» **TASK TO CARRY OUT**:
Output the data below only from the line containing "Spacious and light-filled, the" up to and including the line containing "隨后,插花教學正式開始。特邀", exact and with the pictures left out.

☆ ☆ ☆ ☆

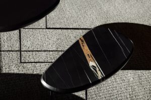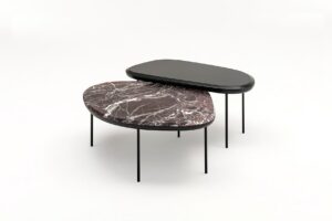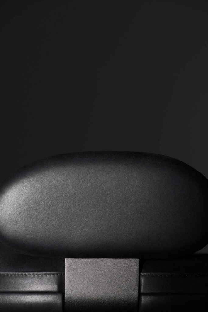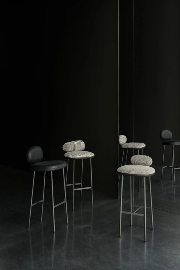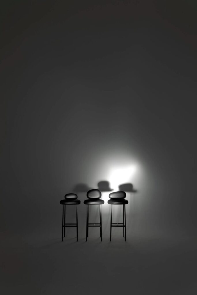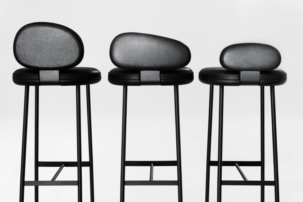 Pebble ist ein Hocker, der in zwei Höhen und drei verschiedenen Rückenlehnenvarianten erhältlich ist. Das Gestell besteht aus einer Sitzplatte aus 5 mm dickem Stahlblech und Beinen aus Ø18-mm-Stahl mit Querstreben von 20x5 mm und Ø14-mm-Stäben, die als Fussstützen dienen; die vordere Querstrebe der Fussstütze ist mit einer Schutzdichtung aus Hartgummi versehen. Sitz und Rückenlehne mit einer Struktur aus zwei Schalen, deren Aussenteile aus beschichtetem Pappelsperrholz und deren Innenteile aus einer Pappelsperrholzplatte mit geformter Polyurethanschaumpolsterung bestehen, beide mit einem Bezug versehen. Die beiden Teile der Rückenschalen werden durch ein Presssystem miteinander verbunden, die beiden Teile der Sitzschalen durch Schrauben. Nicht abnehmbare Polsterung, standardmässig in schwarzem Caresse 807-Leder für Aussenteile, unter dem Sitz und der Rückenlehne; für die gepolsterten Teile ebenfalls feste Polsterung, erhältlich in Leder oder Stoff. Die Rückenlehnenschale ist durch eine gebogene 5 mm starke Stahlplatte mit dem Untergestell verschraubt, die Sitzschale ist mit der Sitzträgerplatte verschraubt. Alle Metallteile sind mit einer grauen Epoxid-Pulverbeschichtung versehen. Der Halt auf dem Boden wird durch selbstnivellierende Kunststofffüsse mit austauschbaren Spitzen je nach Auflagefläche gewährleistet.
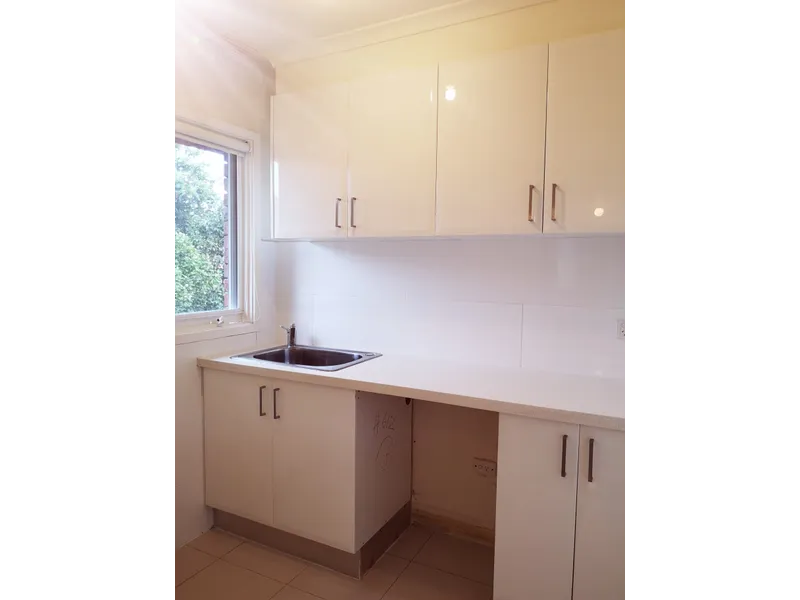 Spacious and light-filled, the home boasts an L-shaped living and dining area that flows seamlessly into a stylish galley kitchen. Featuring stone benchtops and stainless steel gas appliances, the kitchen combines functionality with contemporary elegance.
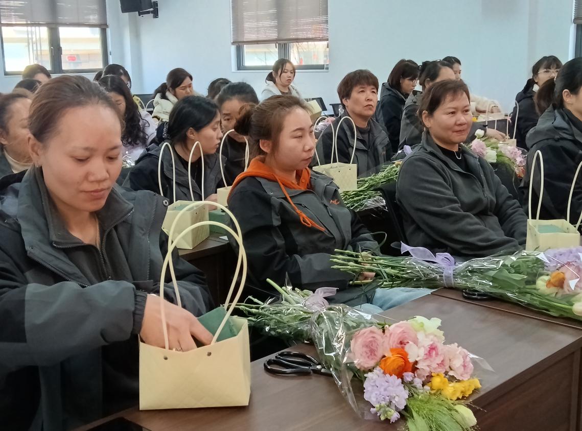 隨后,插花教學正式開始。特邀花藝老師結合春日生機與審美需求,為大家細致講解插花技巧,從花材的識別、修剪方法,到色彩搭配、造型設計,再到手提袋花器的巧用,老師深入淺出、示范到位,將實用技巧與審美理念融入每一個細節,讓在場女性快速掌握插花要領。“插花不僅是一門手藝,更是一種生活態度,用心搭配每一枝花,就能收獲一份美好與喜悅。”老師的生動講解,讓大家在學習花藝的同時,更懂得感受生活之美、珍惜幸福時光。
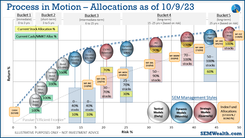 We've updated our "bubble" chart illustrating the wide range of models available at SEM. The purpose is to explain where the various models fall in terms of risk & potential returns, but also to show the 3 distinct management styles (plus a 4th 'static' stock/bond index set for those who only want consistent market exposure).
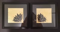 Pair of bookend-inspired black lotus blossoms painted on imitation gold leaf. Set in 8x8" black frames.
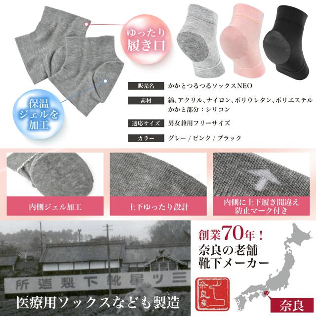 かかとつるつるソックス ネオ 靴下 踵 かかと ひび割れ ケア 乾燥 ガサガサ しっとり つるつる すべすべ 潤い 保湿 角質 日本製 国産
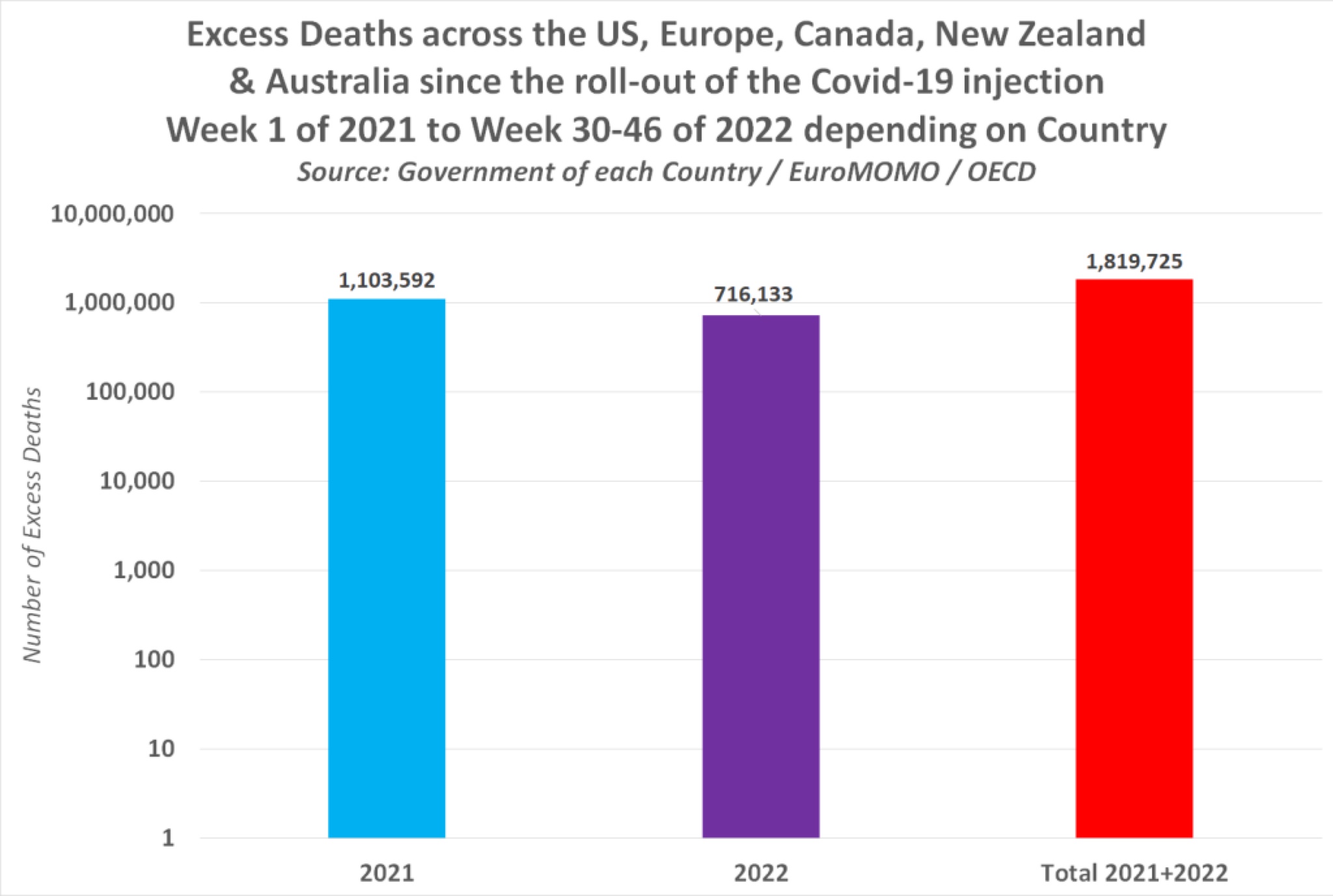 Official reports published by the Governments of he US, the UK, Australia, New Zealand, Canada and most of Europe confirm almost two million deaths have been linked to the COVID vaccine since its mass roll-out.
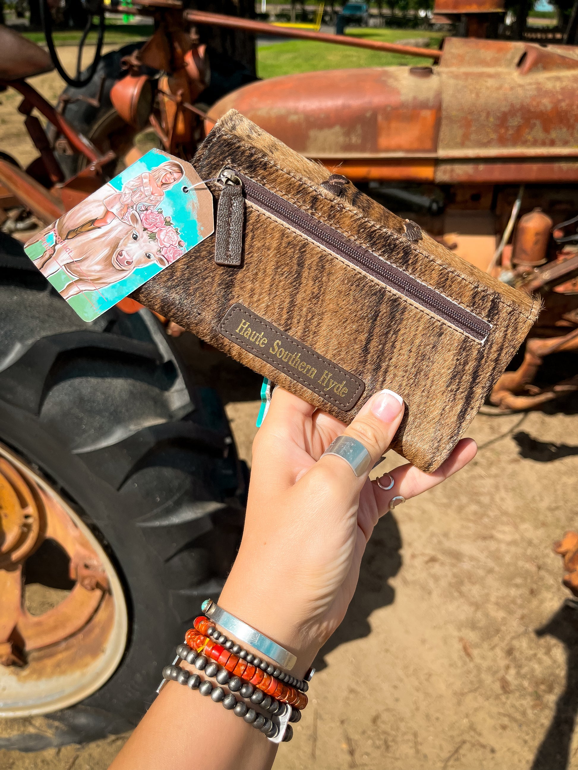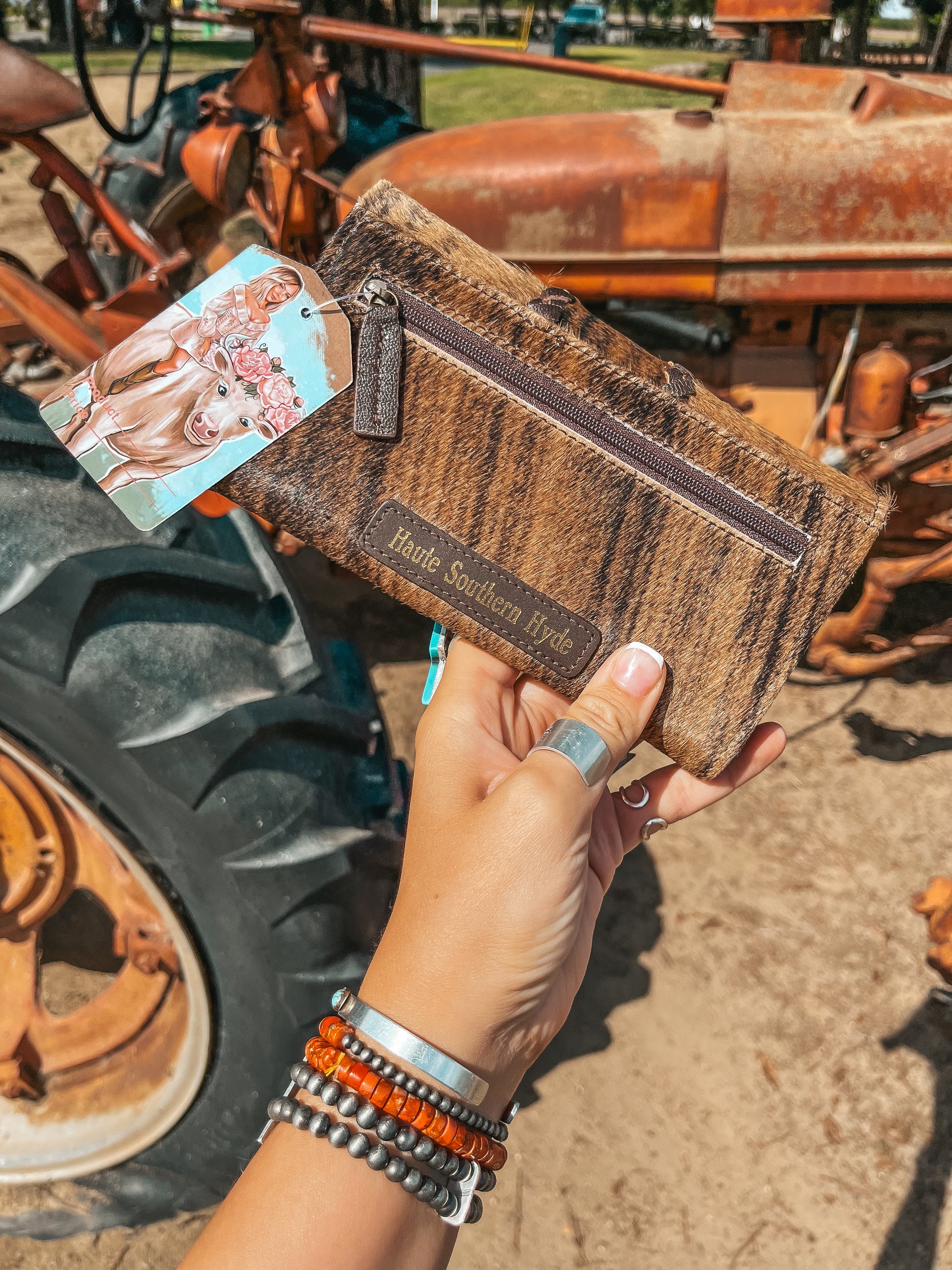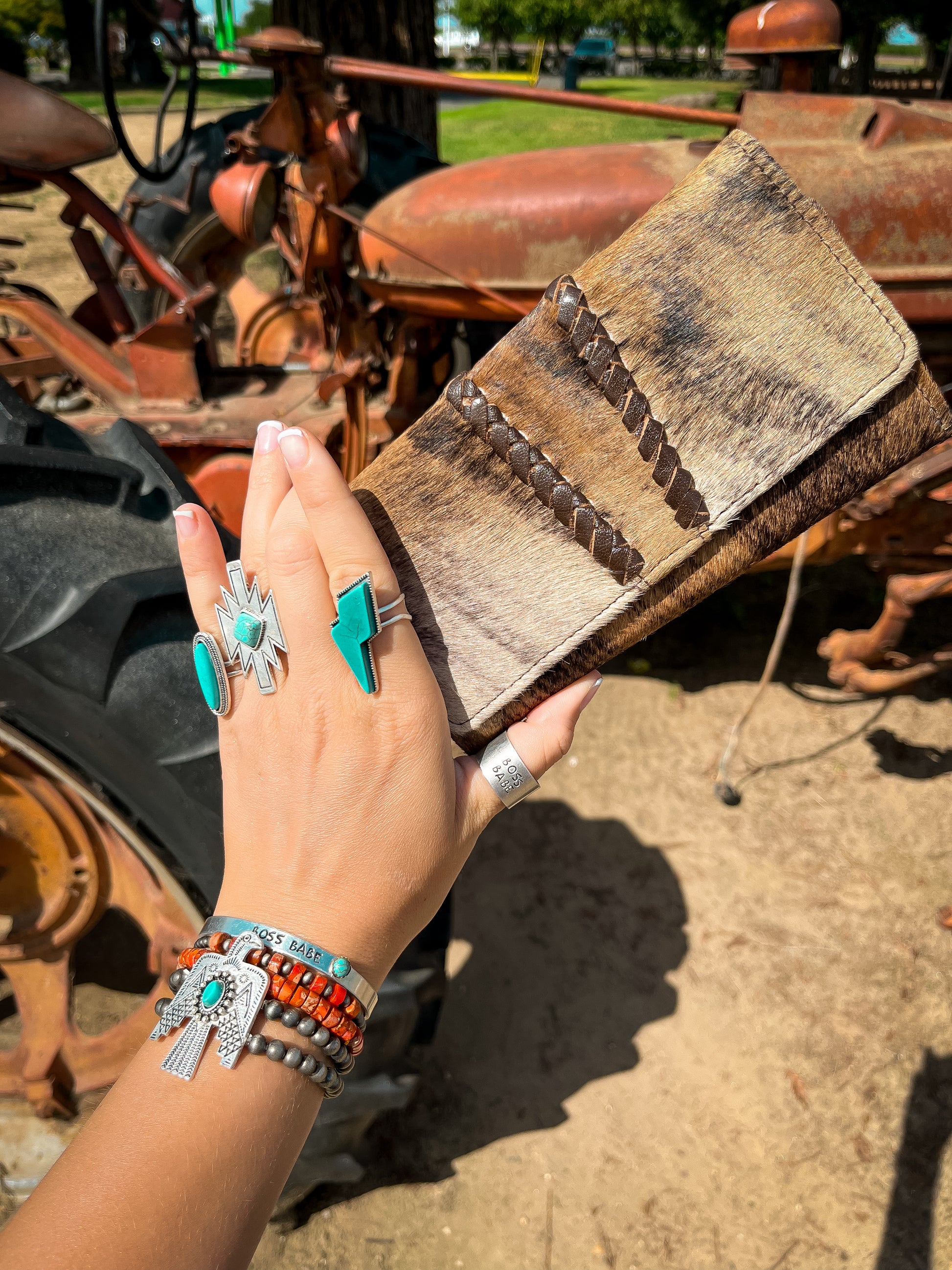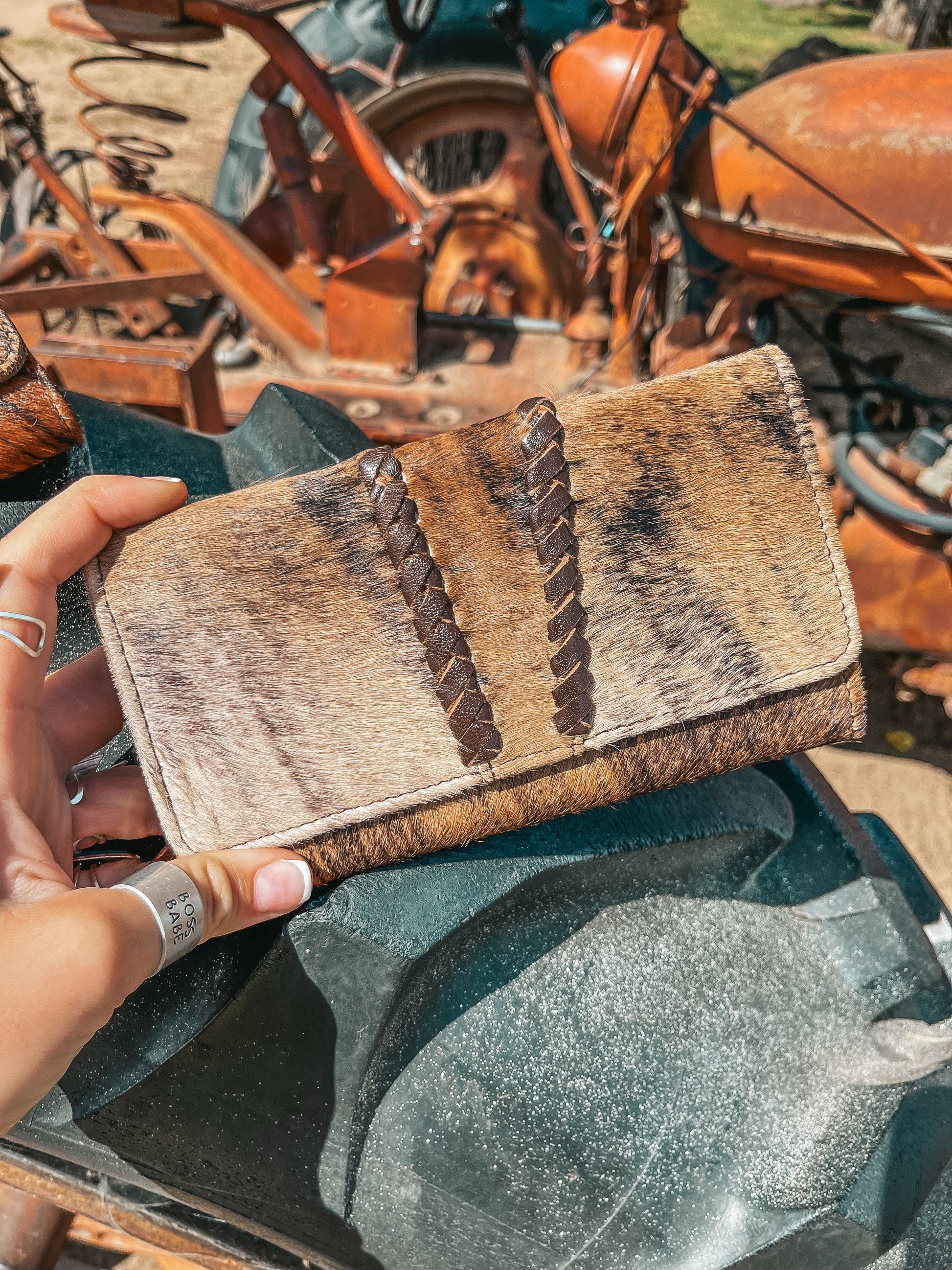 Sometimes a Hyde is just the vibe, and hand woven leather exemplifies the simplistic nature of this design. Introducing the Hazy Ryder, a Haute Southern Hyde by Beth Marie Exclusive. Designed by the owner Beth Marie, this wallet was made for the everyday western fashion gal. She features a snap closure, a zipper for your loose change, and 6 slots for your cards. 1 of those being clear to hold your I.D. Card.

☆ ☆ ☆ ☆

» **ANSWER BELOW**:
 Spacious and light-filled, the home boasts an L-shaped living and dining area that flows seamlessly into a stylish galley kitchen. Featuring stone benchtops and stainless steel gas appliances, the kitchen combines functionality with contemporary elegance.
 隨后,插花教學正式開始。特邀花藝老師結合春日生機與審美需求,為大家細致講解插花技巧,從花材的識別、修剪方法,到色彩搭配、造型設計,再到手提袋花器的巧用,老師深入淺出、示范到位,將實用技巧與審美理念融入每一個細節,讓在場女性快速掌握插花要領。“插花不僅是一門手藝,更是一種生活態度,用心搭配每一枝花,就能收獲一份美好與喜悅。”老師的生動講解,讓大家在學習花藝的同時,更懂得感受生活之美、珍惜幸福時光。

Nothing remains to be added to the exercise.